アジア研究図書館の将来像

 

 

2019年4月1日
小野塚 知二
アジア研究図書館長、経済学研究科教授

 

アジアを軸とした研究資源の集約と研究機能の連携
 東京大学に蓄積されたアジア関係の文献・資料は、本学が培ってきた多様な研究関心を反映して、東アジアのみならず、東南アジア、南アジア、西アジア・北アフリカ、中央アジア、東北アジアなど、アジアの諸地域を遍く覆う豊かな広がりを見せています。これらのアジア関係の文献・資料は、世界に誇りうる膨大なコレクションを形成しているといえましょう。ところが、これらの貴重な資料は、さまざまな学部や研究所の図書館・図書室・研究室に、いわば「分散」して保存され、利用に供されてきました。その理由のひとつは、大学が学問の方法別に組織されてきたことにあります。特定の方法に基づき、対象認識に努めるという知的活動により、学問の伝統が築き上げられてきたのです。しかし、いま、学問の方法は大きく変わろうとしています。「文・理」や専門分野を越えた知の統合・融合・連携が求められています。さらにはデジタルデータという新しい資料が加わりつつあり、この充実と活用も求められています。
 アジア研究図書館はこの付託にこたえるべく、まず、研究資源の集約化を図るものです。アジア諸地域に関する広範な文献・資料を可能な限りアジア研究図書館に集積させるとともに研究者を配置した図書館を目指すことにより、新しいアジア研究を生み出す研究拠点の形成を目指します。
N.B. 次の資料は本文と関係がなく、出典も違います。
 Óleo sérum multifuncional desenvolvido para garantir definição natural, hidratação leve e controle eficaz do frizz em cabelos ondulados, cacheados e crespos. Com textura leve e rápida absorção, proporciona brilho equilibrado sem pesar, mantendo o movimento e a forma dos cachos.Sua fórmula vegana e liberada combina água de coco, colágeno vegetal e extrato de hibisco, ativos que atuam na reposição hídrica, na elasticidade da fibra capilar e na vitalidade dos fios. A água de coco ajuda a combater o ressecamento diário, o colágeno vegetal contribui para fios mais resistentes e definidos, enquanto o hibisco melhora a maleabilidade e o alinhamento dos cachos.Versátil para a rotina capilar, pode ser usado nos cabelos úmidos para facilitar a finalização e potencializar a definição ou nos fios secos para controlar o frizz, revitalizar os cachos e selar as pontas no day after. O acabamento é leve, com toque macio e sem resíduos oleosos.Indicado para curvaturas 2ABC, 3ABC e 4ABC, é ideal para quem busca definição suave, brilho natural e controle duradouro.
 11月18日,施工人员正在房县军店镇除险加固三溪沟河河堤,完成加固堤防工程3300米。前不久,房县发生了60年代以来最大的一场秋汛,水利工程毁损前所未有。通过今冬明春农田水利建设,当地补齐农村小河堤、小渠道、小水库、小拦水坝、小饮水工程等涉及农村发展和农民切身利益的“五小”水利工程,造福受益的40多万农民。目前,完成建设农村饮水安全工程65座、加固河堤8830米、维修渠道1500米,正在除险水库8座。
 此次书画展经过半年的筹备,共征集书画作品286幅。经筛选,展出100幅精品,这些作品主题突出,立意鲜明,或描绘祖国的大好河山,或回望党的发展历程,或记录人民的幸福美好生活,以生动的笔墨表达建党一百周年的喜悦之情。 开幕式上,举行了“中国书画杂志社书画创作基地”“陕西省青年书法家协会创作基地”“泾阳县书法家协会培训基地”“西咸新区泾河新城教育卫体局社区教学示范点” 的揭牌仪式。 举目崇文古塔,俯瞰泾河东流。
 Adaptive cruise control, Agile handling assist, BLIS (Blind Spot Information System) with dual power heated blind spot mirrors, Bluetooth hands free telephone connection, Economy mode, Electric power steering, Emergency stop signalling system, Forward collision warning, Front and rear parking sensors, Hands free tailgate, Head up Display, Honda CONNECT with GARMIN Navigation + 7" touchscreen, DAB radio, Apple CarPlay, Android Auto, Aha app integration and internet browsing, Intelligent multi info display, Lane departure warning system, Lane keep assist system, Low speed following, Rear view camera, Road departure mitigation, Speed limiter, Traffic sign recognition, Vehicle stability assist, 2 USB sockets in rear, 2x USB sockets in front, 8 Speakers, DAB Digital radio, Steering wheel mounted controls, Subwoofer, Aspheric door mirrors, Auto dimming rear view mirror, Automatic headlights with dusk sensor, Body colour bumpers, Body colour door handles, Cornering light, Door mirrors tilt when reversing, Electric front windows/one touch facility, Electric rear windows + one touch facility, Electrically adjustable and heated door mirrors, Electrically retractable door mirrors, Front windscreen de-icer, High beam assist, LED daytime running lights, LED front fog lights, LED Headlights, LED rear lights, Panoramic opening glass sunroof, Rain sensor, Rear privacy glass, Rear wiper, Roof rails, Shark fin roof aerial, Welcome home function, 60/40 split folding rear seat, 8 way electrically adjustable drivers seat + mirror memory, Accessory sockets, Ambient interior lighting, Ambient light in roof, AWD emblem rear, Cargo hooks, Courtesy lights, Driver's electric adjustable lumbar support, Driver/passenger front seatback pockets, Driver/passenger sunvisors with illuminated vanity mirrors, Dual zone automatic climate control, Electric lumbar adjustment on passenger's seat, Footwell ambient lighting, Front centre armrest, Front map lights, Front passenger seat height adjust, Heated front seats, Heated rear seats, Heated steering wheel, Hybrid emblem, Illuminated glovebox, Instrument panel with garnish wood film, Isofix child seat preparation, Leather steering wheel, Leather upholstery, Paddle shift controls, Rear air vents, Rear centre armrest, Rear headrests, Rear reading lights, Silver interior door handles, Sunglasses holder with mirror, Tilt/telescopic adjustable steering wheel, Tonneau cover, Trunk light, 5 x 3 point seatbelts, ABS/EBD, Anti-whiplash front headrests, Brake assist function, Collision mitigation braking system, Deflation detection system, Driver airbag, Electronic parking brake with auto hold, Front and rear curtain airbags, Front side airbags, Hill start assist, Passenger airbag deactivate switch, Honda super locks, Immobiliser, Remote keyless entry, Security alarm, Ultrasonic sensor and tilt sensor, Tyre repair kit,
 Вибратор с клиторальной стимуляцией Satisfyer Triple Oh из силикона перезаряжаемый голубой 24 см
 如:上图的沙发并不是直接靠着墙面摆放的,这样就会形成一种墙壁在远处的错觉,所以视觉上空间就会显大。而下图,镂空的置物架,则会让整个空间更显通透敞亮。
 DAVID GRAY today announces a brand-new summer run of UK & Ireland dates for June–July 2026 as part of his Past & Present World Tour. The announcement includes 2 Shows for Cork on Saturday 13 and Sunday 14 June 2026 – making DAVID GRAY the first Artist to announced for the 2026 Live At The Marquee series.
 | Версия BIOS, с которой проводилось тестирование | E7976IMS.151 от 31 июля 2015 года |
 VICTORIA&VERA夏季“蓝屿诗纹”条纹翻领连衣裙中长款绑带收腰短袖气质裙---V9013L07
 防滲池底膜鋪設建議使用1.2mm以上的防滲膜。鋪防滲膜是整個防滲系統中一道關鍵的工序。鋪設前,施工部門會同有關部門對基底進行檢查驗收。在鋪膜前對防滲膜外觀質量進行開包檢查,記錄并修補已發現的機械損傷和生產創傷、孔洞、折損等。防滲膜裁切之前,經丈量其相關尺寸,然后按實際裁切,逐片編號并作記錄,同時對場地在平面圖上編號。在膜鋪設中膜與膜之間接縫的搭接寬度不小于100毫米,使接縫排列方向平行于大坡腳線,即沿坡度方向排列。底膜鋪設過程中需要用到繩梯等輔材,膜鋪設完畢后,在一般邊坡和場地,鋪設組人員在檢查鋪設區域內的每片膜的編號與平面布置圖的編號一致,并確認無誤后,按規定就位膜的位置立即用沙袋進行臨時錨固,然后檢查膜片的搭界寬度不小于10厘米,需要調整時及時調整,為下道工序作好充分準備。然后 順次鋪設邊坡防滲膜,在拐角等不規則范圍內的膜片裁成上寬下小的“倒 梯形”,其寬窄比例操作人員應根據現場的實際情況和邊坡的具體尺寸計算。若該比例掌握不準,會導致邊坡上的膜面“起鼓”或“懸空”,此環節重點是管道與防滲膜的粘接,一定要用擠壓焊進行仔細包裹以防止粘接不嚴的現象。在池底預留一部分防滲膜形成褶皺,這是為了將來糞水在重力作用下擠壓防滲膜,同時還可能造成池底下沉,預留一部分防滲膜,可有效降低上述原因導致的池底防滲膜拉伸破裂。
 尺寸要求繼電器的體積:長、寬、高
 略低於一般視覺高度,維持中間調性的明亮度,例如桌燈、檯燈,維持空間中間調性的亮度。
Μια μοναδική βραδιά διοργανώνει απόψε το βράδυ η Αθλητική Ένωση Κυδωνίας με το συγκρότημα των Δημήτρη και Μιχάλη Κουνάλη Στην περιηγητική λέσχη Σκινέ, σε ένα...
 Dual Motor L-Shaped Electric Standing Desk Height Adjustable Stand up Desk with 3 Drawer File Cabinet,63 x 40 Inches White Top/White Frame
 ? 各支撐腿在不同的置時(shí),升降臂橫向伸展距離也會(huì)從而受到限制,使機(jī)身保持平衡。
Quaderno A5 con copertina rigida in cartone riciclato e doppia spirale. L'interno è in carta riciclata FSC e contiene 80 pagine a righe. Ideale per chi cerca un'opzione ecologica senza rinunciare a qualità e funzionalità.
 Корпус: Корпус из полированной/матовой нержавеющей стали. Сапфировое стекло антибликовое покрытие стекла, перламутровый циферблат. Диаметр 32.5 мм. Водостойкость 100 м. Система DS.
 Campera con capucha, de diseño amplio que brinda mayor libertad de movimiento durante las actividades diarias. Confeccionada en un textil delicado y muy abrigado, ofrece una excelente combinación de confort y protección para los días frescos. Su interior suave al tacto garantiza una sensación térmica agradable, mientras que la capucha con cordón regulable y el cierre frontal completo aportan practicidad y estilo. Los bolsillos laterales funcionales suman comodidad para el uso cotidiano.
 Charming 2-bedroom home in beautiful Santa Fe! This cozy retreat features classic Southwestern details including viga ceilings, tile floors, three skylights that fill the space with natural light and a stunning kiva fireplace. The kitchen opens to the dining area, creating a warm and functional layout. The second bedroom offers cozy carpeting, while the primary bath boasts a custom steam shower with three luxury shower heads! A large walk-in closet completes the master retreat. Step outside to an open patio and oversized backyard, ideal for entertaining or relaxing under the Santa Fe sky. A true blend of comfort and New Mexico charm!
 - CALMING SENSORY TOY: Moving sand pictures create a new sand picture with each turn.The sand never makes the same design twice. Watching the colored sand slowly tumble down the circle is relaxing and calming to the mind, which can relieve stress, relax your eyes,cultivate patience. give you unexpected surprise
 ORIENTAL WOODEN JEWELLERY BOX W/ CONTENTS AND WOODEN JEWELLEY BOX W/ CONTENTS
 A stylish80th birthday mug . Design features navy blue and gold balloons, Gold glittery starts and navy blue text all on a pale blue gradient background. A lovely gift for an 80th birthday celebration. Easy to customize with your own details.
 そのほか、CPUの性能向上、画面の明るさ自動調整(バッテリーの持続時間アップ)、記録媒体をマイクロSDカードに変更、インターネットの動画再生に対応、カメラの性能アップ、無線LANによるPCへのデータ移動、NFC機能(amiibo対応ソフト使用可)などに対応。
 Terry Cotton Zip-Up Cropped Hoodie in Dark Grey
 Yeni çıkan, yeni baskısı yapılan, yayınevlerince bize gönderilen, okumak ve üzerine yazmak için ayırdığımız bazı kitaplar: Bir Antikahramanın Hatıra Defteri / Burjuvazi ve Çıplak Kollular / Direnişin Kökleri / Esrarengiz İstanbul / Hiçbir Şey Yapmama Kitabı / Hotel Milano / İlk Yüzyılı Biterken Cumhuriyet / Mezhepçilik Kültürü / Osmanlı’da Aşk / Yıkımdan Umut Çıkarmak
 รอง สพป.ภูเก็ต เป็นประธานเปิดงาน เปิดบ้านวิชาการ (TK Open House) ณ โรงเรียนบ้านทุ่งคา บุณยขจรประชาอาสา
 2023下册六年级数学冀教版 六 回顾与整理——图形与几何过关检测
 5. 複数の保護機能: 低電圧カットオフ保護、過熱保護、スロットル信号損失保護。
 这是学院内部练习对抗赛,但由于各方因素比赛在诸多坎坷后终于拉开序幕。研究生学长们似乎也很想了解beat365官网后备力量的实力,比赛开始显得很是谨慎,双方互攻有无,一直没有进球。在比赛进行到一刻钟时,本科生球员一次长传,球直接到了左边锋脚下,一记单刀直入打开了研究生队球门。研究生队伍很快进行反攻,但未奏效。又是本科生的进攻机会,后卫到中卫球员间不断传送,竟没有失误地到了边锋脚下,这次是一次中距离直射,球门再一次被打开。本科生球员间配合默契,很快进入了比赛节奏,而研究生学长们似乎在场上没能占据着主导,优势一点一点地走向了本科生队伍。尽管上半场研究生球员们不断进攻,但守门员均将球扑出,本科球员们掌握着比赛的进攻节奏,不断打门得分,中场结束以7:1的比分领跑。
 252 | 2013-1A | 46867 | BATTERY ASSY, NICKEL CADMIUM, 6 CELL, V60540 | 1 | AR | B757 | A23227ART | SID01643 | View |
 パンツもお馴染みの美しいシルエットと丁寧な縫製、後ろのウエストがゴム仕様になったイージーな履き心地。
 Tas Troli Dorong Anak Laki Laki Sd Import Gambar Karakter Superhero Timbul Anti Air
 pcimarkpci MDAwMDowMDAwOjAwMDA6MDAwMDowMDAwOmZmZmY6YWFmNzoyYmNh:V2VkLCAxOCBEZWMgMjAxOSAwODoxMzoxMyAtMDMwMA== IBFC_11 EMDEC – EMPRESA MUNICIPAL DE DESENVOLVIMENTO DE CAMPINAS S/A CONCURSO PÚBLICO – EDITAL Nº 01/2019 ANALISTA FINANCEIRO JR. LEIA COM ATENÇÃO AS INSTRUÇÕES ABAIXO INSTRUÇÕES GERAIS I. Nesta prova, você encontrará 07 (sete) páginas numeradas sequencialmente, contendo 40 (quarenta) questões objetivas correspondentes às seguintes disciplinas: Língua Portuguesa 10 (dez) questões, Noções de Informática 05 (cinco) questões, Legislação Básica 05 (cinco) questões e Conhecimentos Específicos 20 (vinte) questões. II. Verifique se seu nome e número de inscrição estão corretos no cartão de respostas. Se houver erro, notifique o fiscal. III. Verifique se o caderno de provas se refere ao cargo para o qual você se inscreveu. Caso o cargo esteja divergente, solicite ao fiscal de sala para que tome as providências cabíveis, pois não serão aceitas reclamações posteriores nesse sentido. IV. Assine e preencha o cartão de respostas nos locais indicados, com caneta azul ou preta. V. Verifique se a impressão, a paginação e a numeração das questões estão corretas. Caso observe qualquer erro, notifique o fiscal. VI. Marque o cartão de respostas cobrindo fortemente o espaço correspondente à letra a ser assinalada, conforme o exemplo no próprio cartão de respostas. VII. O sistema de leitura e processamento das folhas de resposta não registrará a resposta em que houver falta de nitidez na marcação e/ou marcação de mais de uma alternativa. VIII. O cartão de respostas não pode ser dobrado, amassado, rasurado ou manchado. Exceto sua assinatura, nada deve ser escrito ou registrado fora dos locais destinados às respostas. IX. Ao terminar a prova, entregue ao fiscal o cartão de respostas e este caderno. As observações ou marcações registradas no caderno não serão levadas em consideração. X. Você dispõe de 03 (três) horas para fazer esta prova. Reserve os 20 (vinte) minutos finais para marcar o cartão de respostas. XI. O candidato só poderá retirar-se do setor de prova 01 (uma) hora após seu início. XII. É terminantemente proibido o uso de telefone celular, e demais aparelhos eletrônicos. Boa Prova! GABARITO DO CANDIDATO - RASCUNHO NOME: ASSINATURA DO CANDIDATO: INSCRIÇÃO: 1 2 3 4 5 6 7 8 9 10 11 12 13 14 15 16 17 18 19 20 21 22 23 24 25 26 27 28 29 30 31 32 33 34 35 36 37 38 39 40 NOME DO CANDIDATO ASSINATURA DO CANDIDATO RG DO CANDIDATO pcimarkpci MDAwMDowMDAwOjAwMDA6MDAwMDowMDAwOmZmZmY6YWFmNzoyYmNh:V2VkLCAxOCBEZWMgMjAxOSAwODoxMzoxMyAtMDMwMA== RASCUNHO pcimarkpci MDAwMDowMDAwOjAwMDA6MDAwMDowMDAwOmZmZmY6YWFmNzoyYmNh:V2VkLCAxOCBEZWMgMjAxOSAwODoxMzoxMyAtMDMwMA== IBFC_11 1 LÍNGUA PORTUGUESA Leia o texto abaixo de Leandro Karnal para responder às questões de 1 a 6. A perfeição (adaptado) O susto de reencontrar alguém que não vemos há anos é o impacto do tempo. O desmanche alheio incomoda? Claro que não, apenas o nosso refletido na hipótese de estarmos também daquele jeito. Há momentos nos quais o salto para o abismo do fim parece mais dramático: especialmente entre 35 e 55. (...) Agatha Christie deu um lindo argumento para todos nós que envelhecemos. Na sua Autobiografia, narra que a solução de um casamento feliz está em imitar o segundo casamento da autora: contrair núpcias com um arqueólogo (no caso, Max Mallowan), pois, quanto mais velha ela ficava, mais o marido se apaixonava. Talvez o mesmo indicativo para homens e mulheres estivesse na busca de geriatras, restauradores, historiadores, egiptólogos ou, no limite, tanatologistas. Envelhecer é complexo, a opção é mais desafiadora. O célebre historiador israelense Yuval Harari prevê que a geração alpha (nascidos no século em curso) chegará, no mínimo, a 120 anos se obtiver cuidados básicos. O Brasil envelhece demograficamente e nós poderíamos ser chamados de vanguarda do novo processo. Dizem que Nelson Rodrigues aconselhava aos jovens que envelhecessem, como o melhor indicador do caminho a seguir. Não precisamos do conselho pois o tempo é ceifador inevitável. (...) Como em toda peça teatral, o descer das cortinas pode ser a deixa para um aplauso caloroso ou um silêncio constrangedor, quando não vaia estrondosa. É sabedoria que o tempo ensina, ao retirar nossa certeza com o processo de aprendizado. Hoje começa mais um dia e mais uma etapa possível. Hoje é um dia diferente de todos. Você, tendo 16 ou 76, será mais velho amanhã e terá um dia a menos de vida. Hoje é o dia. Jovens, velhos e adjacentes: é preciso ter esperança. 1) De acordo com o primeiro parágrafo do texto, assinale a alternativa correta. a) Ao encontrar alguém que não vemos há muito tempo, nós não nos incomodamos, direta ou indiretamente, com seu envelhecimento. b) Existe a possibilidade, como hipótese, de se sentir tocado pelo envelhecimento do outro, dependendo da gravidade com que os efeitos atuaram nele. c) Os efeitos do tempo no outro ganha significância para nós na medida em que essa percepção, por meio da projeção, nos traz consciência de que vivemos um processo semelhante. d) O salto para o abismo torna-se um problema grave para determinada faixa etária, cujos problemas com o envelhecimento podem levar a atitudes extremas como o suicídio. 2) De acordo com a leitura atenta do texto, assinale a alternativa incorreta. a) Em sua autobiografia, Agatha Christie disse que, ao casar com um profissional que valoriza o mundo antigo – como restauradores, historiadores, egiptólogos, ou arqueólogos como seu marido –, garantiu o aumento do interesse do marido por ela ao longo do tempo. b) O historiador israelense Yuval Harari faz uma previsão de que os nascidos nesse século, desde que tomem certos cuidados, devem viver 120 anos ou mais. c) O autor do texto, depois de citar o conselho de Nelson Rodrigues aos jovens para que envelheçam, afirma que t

そのためには、専門分野間の、また、本学と国内外の諸機関との間の多様な架橋(bridging)が必要でしょう。

なぜ、アジアなのか?
 アジア研究図書館は、アジアに関する研究を日本から世界に発信していくことを目指しています。その対象とするアジアの領域は東アジアから西アジアにまで及んでいます。では、なぜアジアを研究するのでしょうか。最近までの過去数世紀の世界の歴史は、「進んだ」西洋と「遅れた」非西洋の非対称な関係を一つの基調としてきました。その結果、非西洋における学問は、西洋生まれの概念や枠組みを受け入れるのみならず、西洋対自己という一対一の関心に縛られる傾向を持っていました。しかし、世界の構造は、いま、大きく変化しつつあります。これからの世界では、相異なる歴史や価値観を背負った多様なアクターの間での多方向的な学び合いがますます重要になります。そのなかで人類は非西洋からも多くを学んでいくでしょう。翻って日本を見るなら、そこには非対称な関係のなかで西洋とアジアの狭間に自己を位置づけようともがいてきた歴史があります。日本にとって、西洋・非西洋という二項対立を乗りこえた学び合いのなかで特にアジアと対話を深めていくことには、より良い自己認識を実現する上でも大きな意義があるといえましょう。アジア研究図書館を舞台に展開するアジアを軸とした研究は、そこに集う世界の研究者の多様な関心と共鳴しながら、アジア研究の枠をこえた新たな相乗効果を生み出していくでしょう。アジアを軸に多彩な人と学問が結びつき、行き交いながら新しい知の空間を開拓していくこと、それがアジア研究図書館の願いです。

研究する図書館
 アジア研究図書館の構築は、新しい知のあり方を模索し、方法融合的な新しいアジア研究の基盤となる試みです。この基盤を構築するためには、良質な研究資源を集約させるとともに、専従の研究者ならびに専門図書館員を擁することが求められます。アジア研究図書館におけるアジア研究には、第一に、アジアに関する文献の総合的な研究があってしかるべきでしょう。文献の内容(テクスト)だけでなく、文献学・書誌学・古文書学、さらに文献を成す紙・印刷・筆記法・製本・造本などについての研究が求められます。また、専門図書館を土台にして形成され、専門図書館を支える人材として「サブジェクト・ライブラリアン(専門図書館員)」あるいは「キュレータ」等の高度専門職の配置・育成を行う必要もあるでしょう。

アジア研究の世界的な拠点を目指して
 アジア研究図書館が世界規模の研究拠点となるためには、東洋文化研究所のアジア研究図書館分館、人文社会系研究科のアジア研究図書館分室(漢籍コーナー)、附属図書館アジア研究図書館上廣倫理財団寄付研究部門(U-PARL)などの連携・協力によって、アジア研究図書館が高度なレファレンス機能を発揮するとともに、研究・発信を進め、内外の同種の研究図書館との間に緊密な協力関係を構築する必要があります。また、アジア研究図書館は、学外ならびに外国人研究者の受入態勢も整備して、新たな研究空間を提供することも企図しています。これらの新たな営みを通じて、唯一無二の図書館を世界の仲間とともに創り上げていこうではありませんか。